[[ Supplied material, beginning ]]

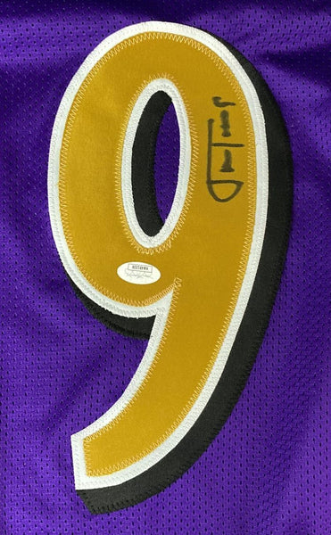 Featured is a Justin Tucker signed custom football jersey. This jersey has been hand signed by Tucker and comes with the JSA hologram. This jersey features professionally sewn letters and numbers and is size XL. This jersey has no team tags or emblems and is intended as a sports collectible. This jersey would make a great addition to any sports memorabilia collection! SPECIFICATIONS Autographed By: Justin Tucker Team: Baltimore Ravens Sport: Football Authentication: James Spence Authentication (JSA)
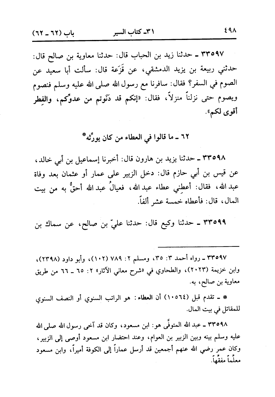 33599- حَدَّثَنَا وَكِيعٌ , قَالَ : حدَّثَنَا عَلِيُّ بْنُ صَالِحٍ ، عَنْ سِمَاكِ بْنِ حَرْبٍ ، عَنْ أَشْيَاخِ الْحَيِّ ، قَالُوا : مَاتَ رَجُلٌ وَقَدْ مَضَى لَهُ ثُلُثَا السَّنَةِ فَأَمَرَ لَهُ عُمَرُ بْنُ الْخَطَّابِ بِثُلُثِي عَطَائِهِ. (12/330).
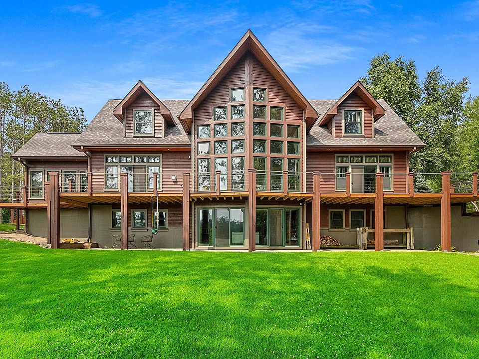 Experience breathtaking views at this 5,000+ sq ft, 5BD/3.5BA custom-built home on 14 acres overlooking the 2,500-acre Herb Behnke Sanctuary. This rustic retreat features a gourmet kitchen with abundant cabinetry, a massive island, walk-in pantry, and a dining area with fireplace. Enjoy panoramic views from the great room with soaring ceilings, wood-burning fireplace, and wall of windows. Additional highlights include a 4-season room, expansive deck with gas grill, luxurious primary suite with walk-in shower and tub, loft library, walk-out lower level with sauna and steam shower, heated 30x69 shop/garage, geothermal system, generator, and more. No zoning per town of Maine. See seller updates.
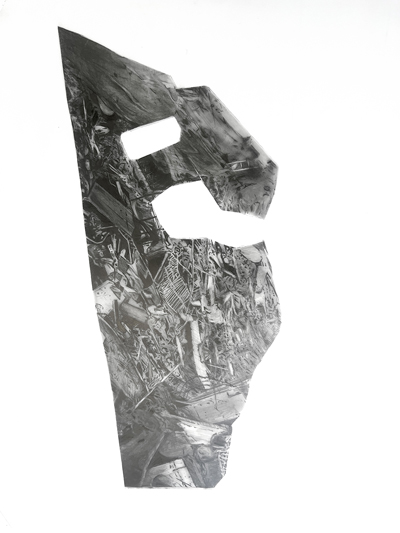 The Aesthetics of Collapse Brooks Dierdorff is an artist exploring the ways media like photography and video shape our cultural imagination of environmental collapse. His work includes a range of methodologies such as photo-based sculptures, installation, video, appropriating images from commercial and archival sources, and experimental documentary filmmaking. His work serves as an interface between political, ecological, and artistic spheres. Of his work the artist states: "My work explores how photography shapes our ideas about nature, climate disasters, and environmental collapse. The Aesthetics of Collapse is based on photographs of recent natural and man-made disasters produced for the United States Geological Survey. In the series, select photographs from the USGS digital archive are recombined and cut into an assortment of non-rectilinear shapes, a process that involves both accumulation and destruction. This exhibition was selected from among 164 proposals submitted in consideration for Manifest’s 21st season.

[[ Supplied material, end ]]

## What is required:
Transcribe exactly, with no pictures, the lines running from the first line of the material through the line holding "Experience breathtaking views".

## Result:
 Featured is a Justin Tucker signed custom football jersey. This jersey has been hand signed by Tucker and comes with the JSA hologram. This jersey features professionally sewn letters and numbers and is size XL. This jersey has no team tags or emblems and is intended as a sports collectible. This jersey would make a great addition to any sports memorabilia collection! SPECIFICATIONS Autographed By: Justin Tucker Team: Baltimore Ravens Sport: Football Authentication: James Spence Authentication (JSA)
 33599- حَدَّثَنَا وَكِيعٌ , قَالَ : حدَّثَنَا عَلِيُّ بْنُ صَالِحٍ ، عَنْ سِمَاكِ بْنِ حَرْبٍ ، عَنْ أَشْيَاخِ الْحَيِّ ، قَالُوا : مَاتَ رَجُلٌ وَقَدْ مَضَى لَهُ ثُلُثَا السَّنَةِ فَأَمَرَ لَهُ عُمَرُ بْنُ الْخَطَّابِ بِثُلُثِي عَطَائِهِ. (12/330).
 Experience breathtaking views at this 5,000+ sq ft, 5BD/3.5BA custom-built home on 14 acres overlooking the 2,500-acre Herb Behnke Sanctuary. This rustic retreat features a gourmet kitchen with abundant cabinetry, a massive island, walk-in pantry, and a dining area with fireplace. Enjoy panoramic views from the great room with soaring ceilings, wood-burning fireplace, and wall of windows. Additional highlights include a 4-season room, expansive deck with gas grill, luxurious primary suite with walk-in shower and tub, loft library, walk-out lower level with sauna and steam shower, heated 30x69 shop/garage, geothermal system, generator, and more. No zoning per town of Maine. See seller updates.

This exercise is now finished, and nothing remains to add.